Consider the following test program:
kernel void copy(float a<>, out float b<>
{
b = a;
}
int main()
{
float a<10>;
float b<10>;
int t;
for (t=0; t<100000; ++t)
{
copy(a, b);
}
}
It simply copies stream a to stream b, 100000 times. This seems like an easy task to do, but it takes 6.5 seconds to run on my computer. That's 65 microseconds for each call to the copy kernel.
Why is it so slow? What happens during a kernel call? Isn't it simply a matter of pushing a couple of instructions to the gpu? Can one speed this up?
Thanks for any help,
Ingo
Using CAL instead of Brook+ can speed this up quite much... Calling the same kernel with CAL takes about 30us.

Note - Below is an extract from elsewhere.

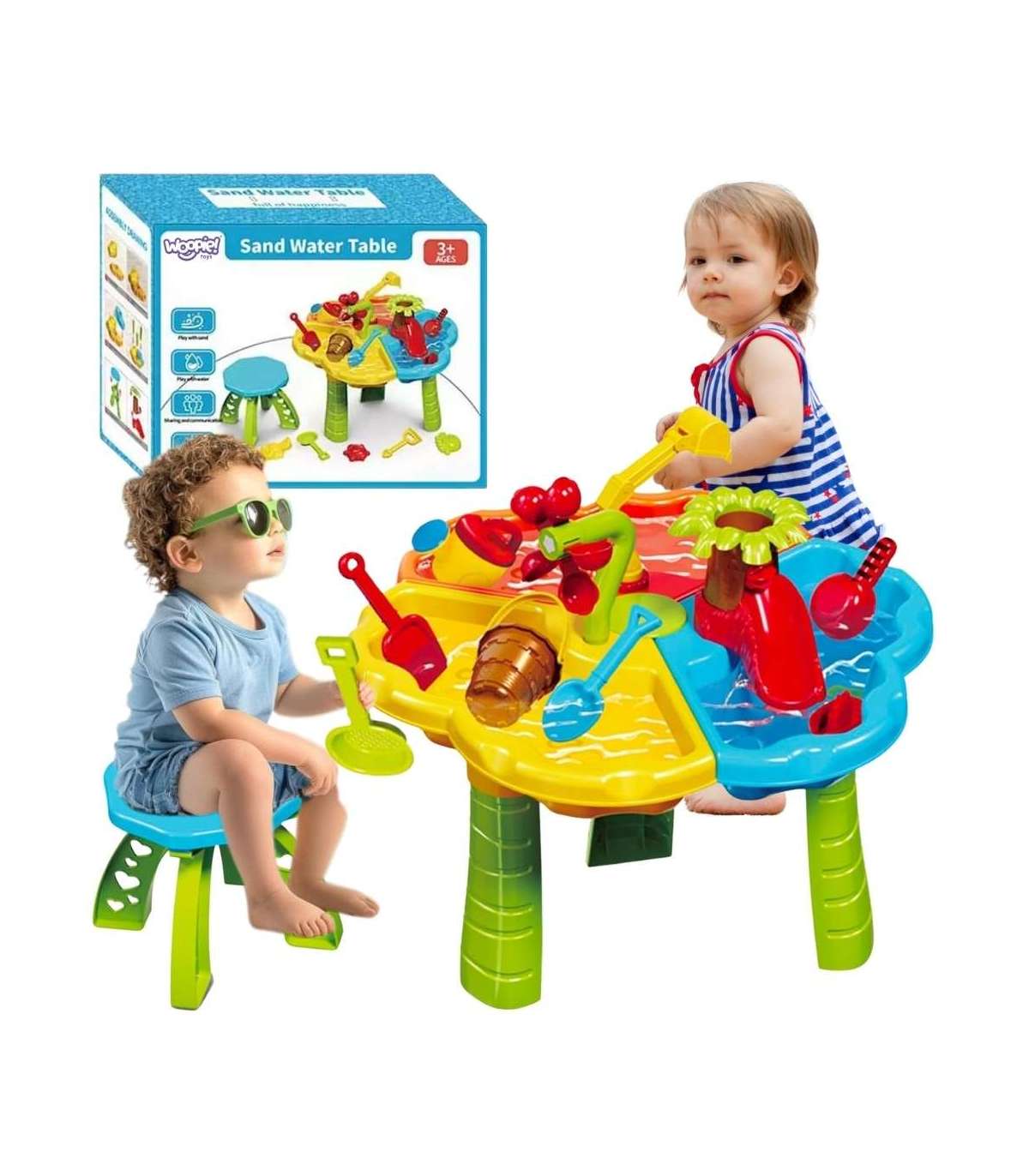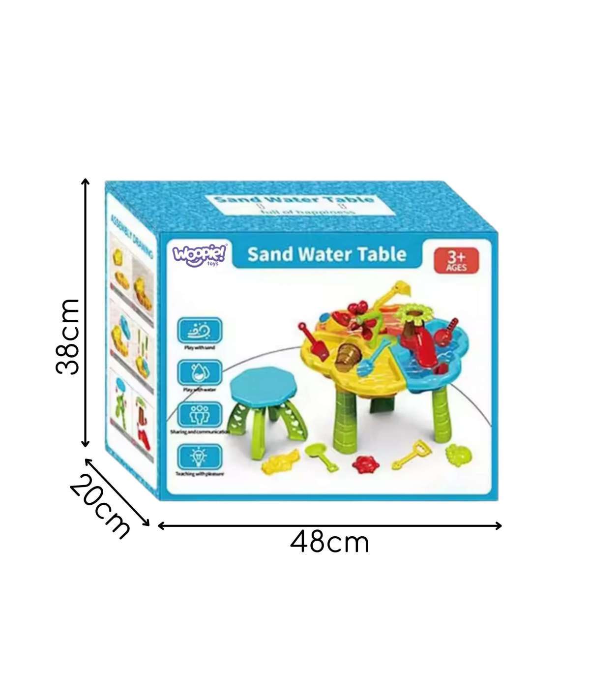 2-ühes veelaud koos tooliga kaubamärgilt Woopie on mitmekülgne komplekt vee- ja liivamängudeks, mis on loodud väikeste avastajate vajadusi silmas pidades. Sobib ideaalselt nii koju, rõdule, terrassile, aeda kui ka rannale. Mänguasi arendab loovust, kujutlusvõimet ja peenmotoorikat, pakkudes tunde rõõmu ja õppimist. Tänu rikkalikule varustusele ja tugevale ehitusele sobib see värvikas komplekt nii aeda kui ka lapse tuppa. Valmistatud ohutust, vastupidavast ja kergesti puhastatavast plastikust, ilma teravate servadeta, mis teeb selle väikeste jaoks täiesti ohutuks. Kolmeosaline konstruktsioon lauast võimaldab lastel korraga katsetada erinevate tekstuuride ja materjalidega – liiv, vesi ja komplekti aksessuaarid. Iga komplekti element on disainitud laste kujutlusvõime ergutamiseks – komplektis on mini-ekskavaator, künnis-tilk, veetuulekell, liivavormid, paat, labidad ja palju muid värvikaid aksessuaare. Tänu sellele saab laps mängida stseene, luua liivakuju, valada vett, ehitada ja katsetada – õppides mängu kaudu. Komplektis on ka värvikas ja ergonoomiline tool, mis tagab mugavuse mängu ajal. Kogu komplekt on lihtne kokku ja lahti panna, mis teeb sellest suurepärase lahenduse nii igapäevaseks kasutamiseks kui ka reisimiseks. Mänguasja kokkupanekuks tööriistu ei vajata – kõik ühendub intuitiivselt ja stabiilselt. Laud ei ole ainult mängimiseks, vaid ka õppimiseks – see toetab motoorse arengu, silma-käe koordinatsiooni, peenmotoorikat, loogilist mõtlemist ning suhtlemis- ja sotsiaalseid oskusi, eriti mängides eakaaslastega. See on ideaalne mänguasi ühiste rõõmsate hetkede jaoks, mis samaaegselt arendavad ja õpetavad.

However, I still think this is very slow... Would there be a way to speed this up ? I know CAL is built over CTM so perhaps we could save some latency going at a lower level but CTM is nowhere to be found on AMD's website. Does someone know if it's still possible to use CTM?
Well, using 2D streams increases the speed by a factor of two. It takes now 32 us for every kernel call. But this is still way too slow for the purpose which I had in mind.
Isn't there any way to make kernel calls faster? Does the kernel have to be copied over in every loop cycle?
Ingo
@josopait:
Just try to look at c++ code that BROOK+ will create.
If I understand this correct then every time (100000 times)
CPU will call copy() function with will do a loot of work before beginin to just coping only 10 values.
Probably to test performance you shold modifi codo to something like this.
float a<65536>;
float b<65536>;
int t;
for (t=0; t<16; ++t)
{
copy(a, b);
}
What exacly do you want to do may be it is easier and faste do this on CPU and letting GPU do other work.
Remo